Contro l’ignoranza di regime
Bum, bum, bum. I percussionisti di Santa Cecilia aprono il pomeriggio di protesta che a Roma in piazza Navona, come in numerose altre piazze italiane, ha visto il mondo della cultura mobilitarsi contro i tagli previsti nella manovra correttiva e nel decreto Bondi. Tagli ingiustificati e sproporzionati, denunciano gli organizzatori. Cgil, Cisl, Uil, il Movem09, Fnsi, Usigrai. Tutti in piazza a protestare. Attori di cinema, teatro e televisione, produttori, scrittori, tecnici del suono, montatori, cantanti, studenti delle scuole specialistiche che rischiano di scomparire. Tutto un mondo sul piede di guerra che rischia di scomparire.

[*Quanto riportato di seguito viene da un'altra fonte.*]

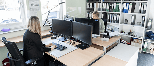 Bei uns erwartet Dich ein voll digitaler und modern ausgerüsteter Arbeitsplatz auf dem neuesten Stand mit mehreren Bildschirmen pro Mitarbeiter zuzüglich Laptop.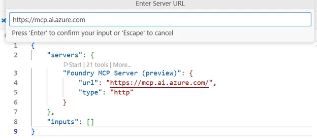 Now you can add Foundry MCP Server to use with VS Code. Follow Use MCP servers in VS Code or click quick link for VSCode to add it: You can use https://mcp.ai.azure.com as the url, and http as the type. VS Code will generate an entry that looks like this: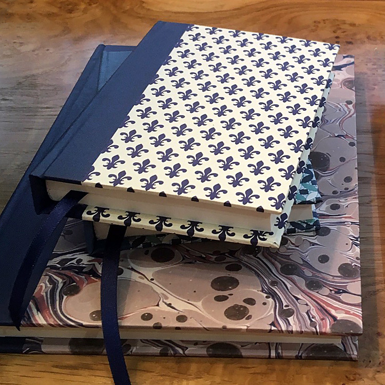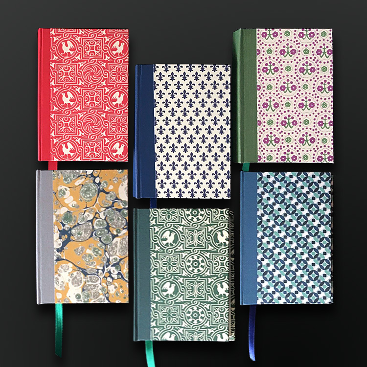 A6 Notebook A pocket sized, hardback notebook with either plain or lined pages, these notebooks are carefully bound with a choice of decorative papers and finished with a ribbon to mark your place. Please see paper gallery for the range of papers available.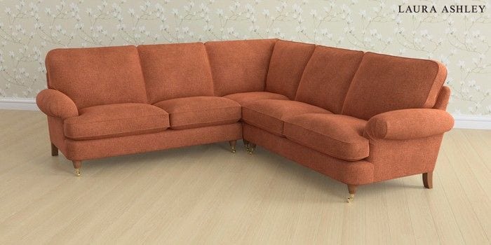 6.12.1 Buy Beaumaris by Laura Ashley Medium Corner Sofa - Universal Nantmor Rust Orange Low Brass Castor - Teak from the Laura Ashley online shop Click here to use our website with more accessibility support, for example screen readers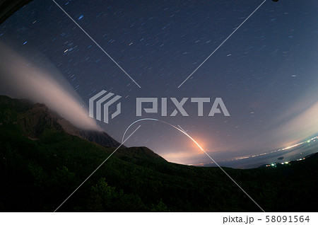 夜景 人工衛星こうのとり打ち上げ軌跡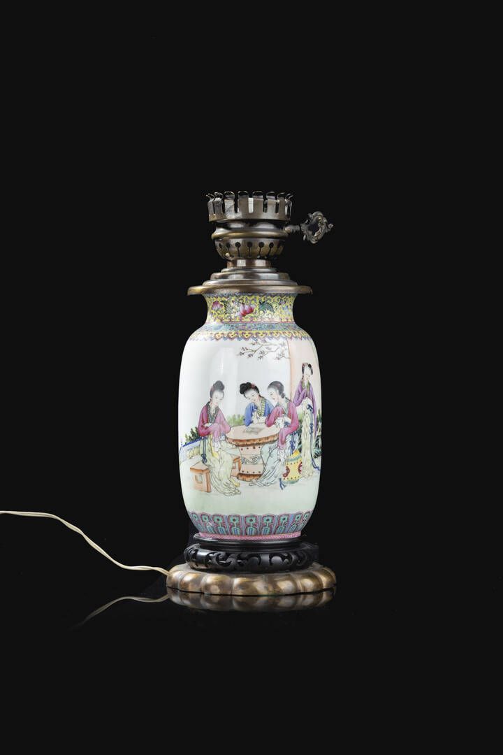 Vaso in porcellana Famiglia Rosa decorato con personaggi in giardino Cina Repubblica XX Sec. (montato a lampada) 34 5x12 cm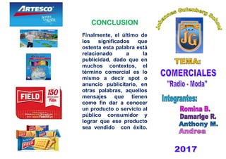 Los comerciales son anuncios publicitarios creados para dar a conocer productos, hechos o eventos a las personas. Forman parte integral de las empresas ya que promueven artículos y servicios de manera convincente a través de medios de comunicación como la televisión, la radio y las revistas. Los comerciales siguen un proceso de preparación que incluye generar ideas y seguir pautas para comunicar el mensaje de manera efectiva con el objetivo máximo de que las personas compren el producto anunciado.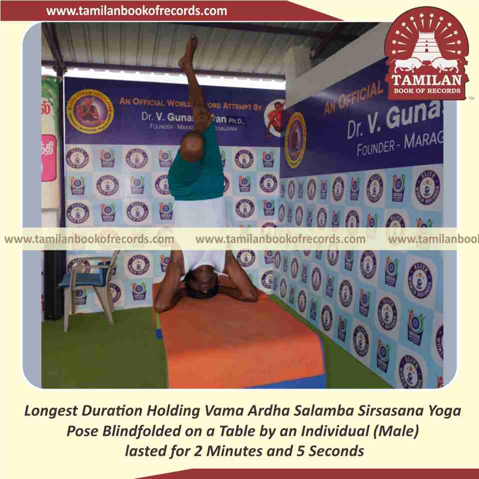 Longest Duration Holding Vama Ardha Salamba Sirsasana Yoga Pose Blindfolded on a Table by an Individual (Male)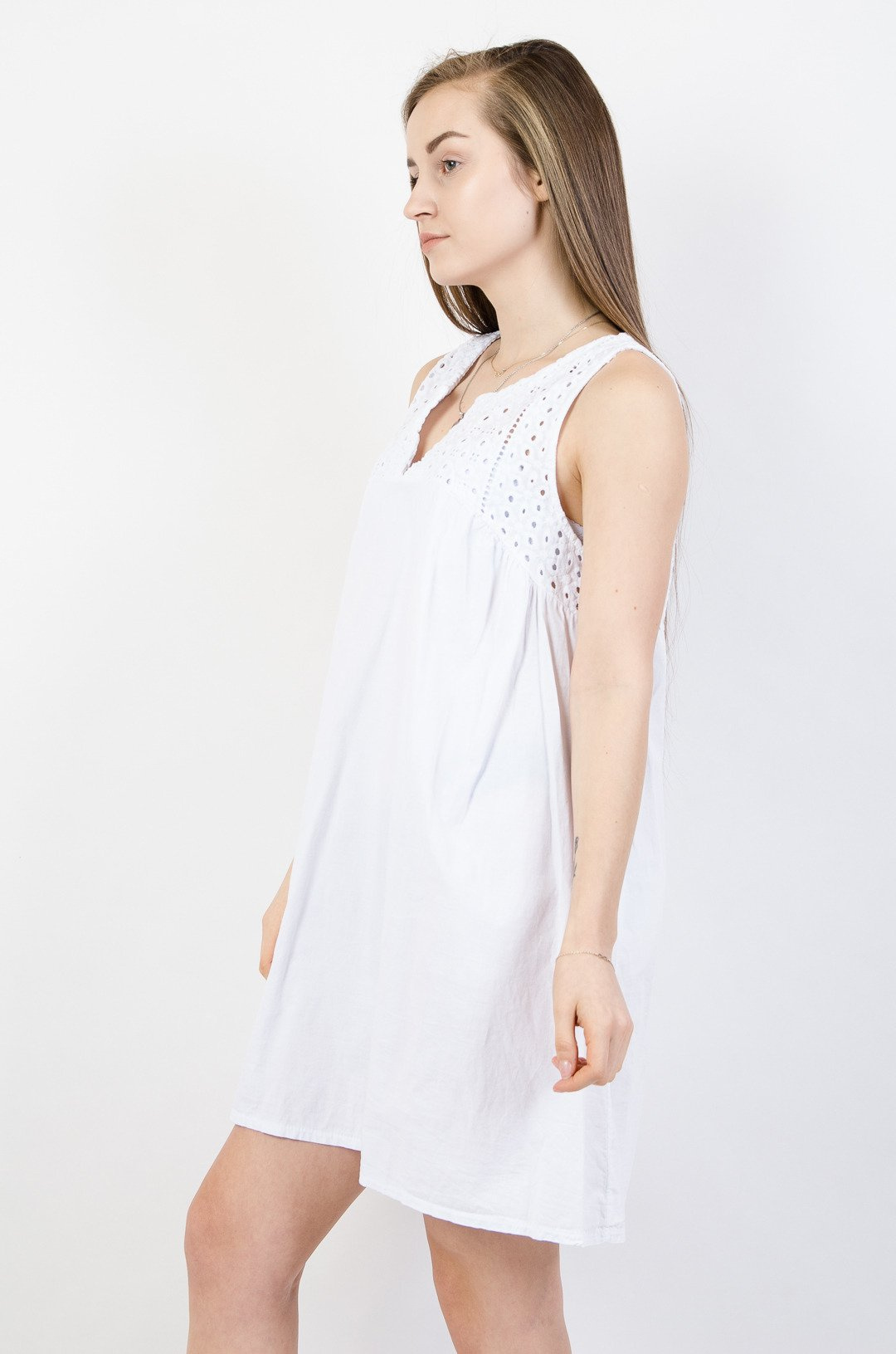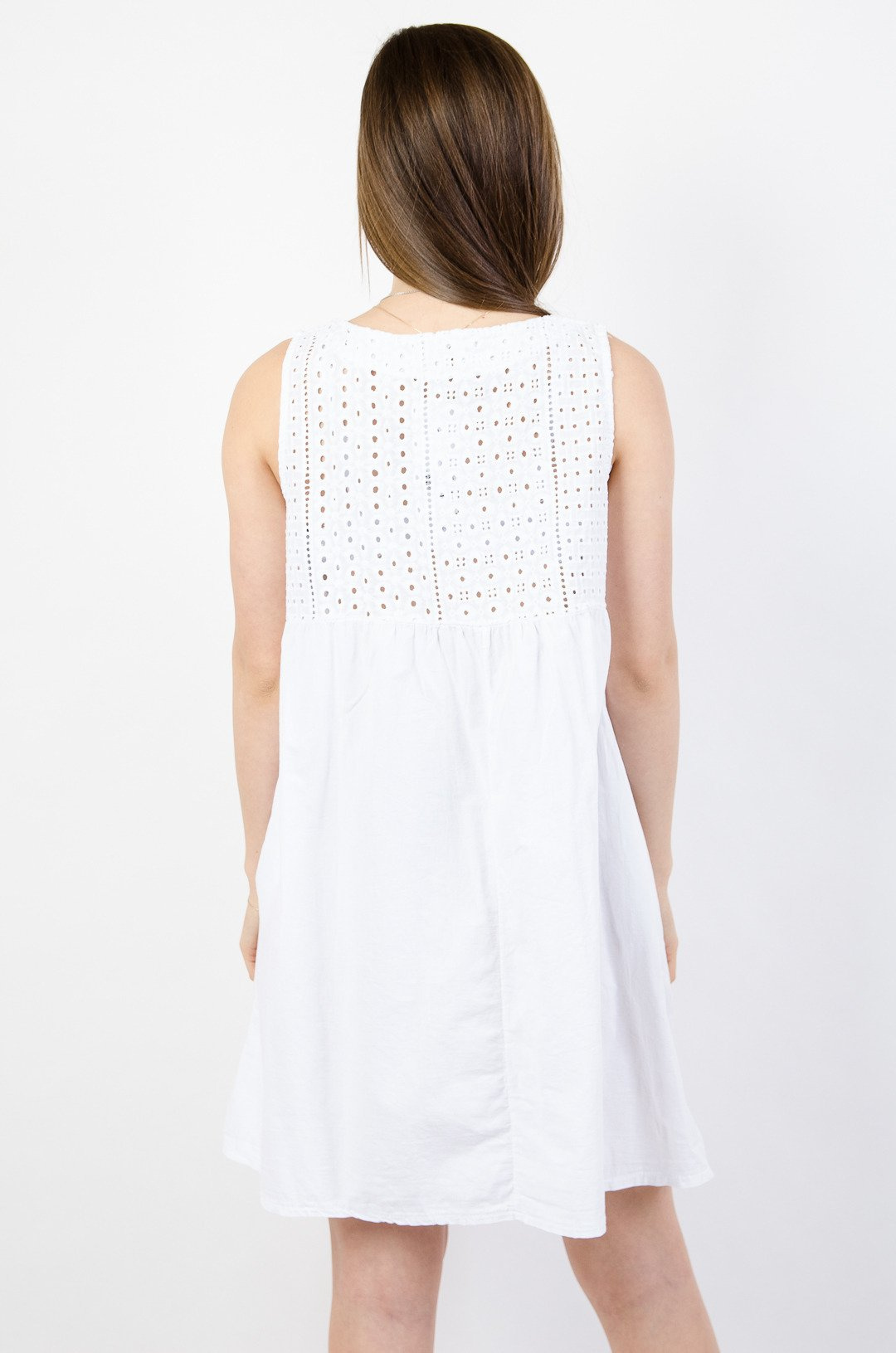 Biała trapezowa sukienka z ażurowymi wstawkami

«La cultura è un diritto, la cultura è una risorsa», campeggia sullo sfondo del palco lo slogan della manifestazione. Una folla eterogenea che sfida il calore cocente per difendere la cultura italiana. La manovra finanziaria, infatti, nonostante gli aggiustamenti promessi dopo l’intervento del Capo dello Stato, rischia di vedere evaporare quei finanziamenti pubblici che le permettono di sopravvivere. Produzioni teatrali, cinematografiche, musicali, televisive, tutte appese sul filo del rasoio della discrezionalità del ministro della cultura.
«Chi ci ha ridotto a terra come giovani, studenti e cittadini ci vedrà rialzare in piedi», urla la rappresentante degli studenti del Centro sperimentale di cinematografia di Roma, la scuola di cinema più antica al mondo che rischia di chiudere grazie ai tagli. Nel frattempo uno striscione nero, come il futuro che attende questi studenti, si alza in aria portato dalle correnti verso palazzo Madama: «cultura: omicidio di stato».

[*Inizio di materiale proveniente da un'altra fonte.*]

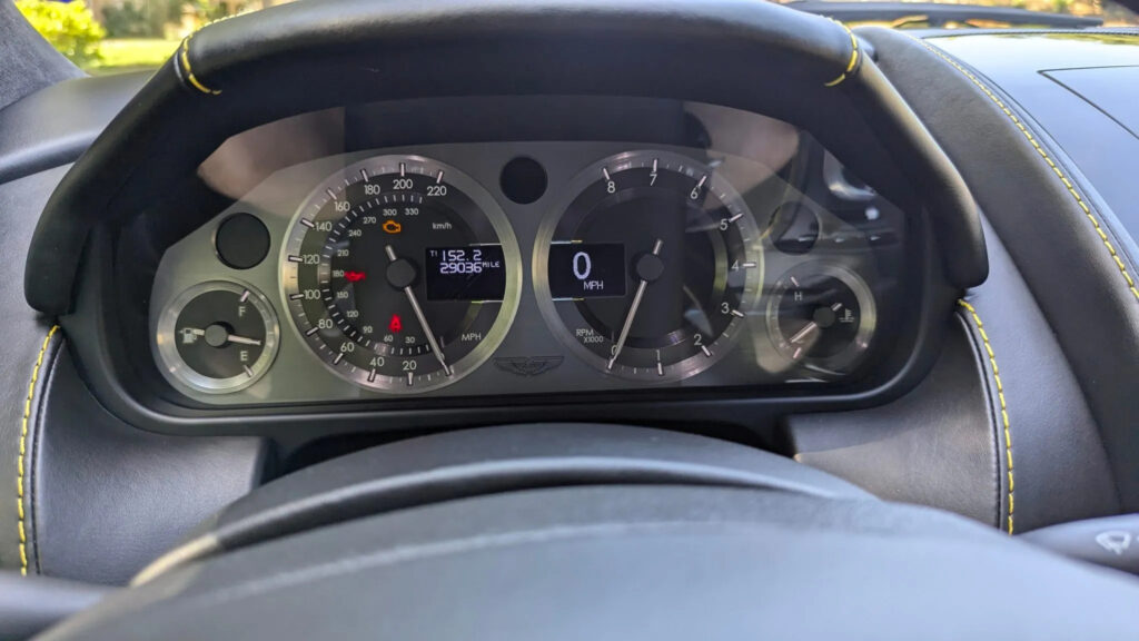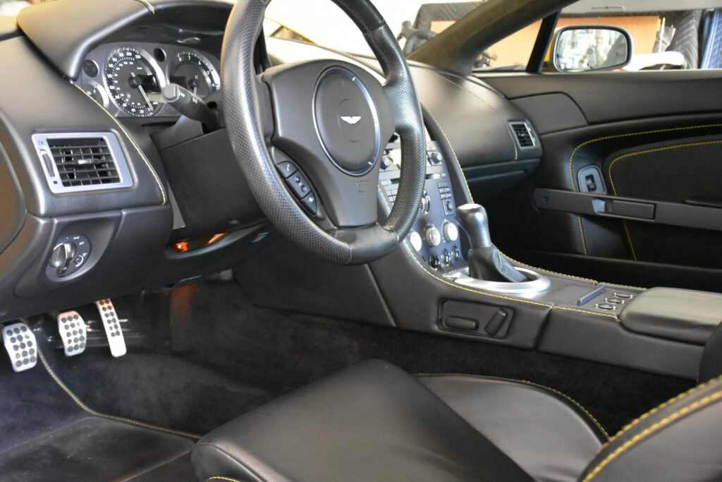 Inside, Aston Martin’s craftsmanship is matched to striking 21st century style. The dials are made from aluminium, and together with the switchgear have a very distinct design and unique Aston Martin look and feel.
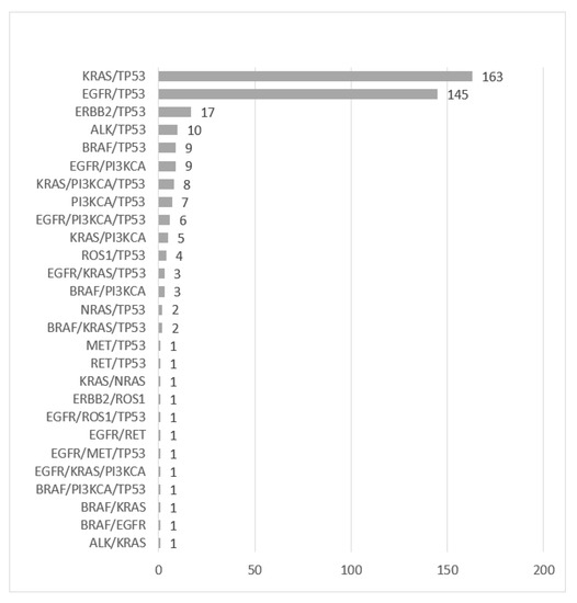 The most common co-mutations identified were in KRAS/TP53 (163, 40.2%), followed by EGFR/TP53 (145, 35.8%), ERBB2/TP53 (17, 4.2%) and BRAF/TP53 (9, 2.2%) (Figure 2).

«Il taglio del 50% dei fondi della cultura – denuncia il Movem – dimostra l’indifferenza dei politici nei confronti della crescita culturale del nostro Paese». Un disegno che per il Movem, il Movimento Emergenza Cultura – una sigla trasversale che raggruppa attori di cinema, teatro e televisione, mira a ridurre la cultura ad un «mero tappetino per desideri più o meno beceri».

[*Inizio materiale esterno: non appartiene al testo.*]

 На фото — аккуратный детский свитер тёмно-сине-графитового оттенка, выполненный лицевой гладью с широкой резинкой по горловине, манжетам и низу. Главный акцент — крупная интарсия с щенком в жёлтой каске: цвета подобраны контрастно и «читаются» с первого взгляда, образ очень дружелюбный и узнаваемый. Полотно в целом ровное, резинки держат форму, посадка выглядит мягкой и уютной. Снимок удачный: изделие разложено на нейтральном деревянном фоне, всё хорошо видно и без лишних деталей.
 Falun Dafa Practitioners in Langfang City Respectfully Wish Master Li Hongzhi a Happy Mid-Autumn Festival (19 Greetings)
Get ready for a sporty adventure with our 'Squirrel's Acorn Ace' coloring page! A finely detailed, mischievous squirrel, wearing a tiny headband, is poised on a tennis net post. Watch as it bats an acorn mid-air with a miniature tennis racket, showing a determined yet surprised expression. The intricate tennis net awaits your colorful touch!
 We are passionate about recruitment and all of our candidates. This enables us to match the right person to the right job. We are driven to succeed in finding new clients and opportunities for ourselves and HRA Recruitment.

Fanno sentire la loro voce anche i rappresentati degli enti lirici italiani. Cantanti e musicisti del Teatro dell’Opera di Roma, della Scala di Milano, dell’Arena di Verona, del Teatro Carlo Felice di Genova, del San Carlo di Torino, del Petruzzelli di Bari, scaldano i manifestanti intonando l’inno di Mameli e il “Va Pensiero” di Verdi, denunciando, anche loro, il rischio che i teatri italiani chiudano i battenti. Per mancanza di fondi, s’intende. Ma anche perchè il voler imporre una «gestione culturale in termini ragionieristici significa strangolare progetti creativi e produttivi». Quindi opportunità di crescita e di sviluppo, proprio quelle che i tanti giovani presenti in piazza vedono sfumare.
I tagli alla cultura, infatti, sono ancora più gravi e dannosi se si considera l’attacco concentrico contro la scuola pubblica, le Università, la ricerca scientifica. Tutte armi che un paese desideroso di riprendersi dalla crisi dovrebbe avere in dotazione.
Cultura e formazione garantiscono, infatti, innovazione e sviluppo, possibilità di avere orizzonti più ampi e nuove e fresche risorse da investire. Un paese normale taglierebbe gli sprechi, non la cultura.
In un paese normale sarebbe, anzi, prioritario investire, quindi spendere in questi settori. In Italia no. In Italia è prioritario chiudere le fonti di circolazione del libero pensiero, siano produzioni cinematografiche, opere liriche e teatrali, musica, ma anche libri e informazione. Non è affatto strano che la scuola e il mondo della cultura siano feriti a morte contemporaneamente al mondo dell’informazione e dell’editoria.
La reazione, come dimostrato dalla presenza in piazza della Fnsi, di Articolo 21 e di molti giornalisti, deve essere le più ampia possibile, perchè il Bavaglio c’è e colpisce tutti.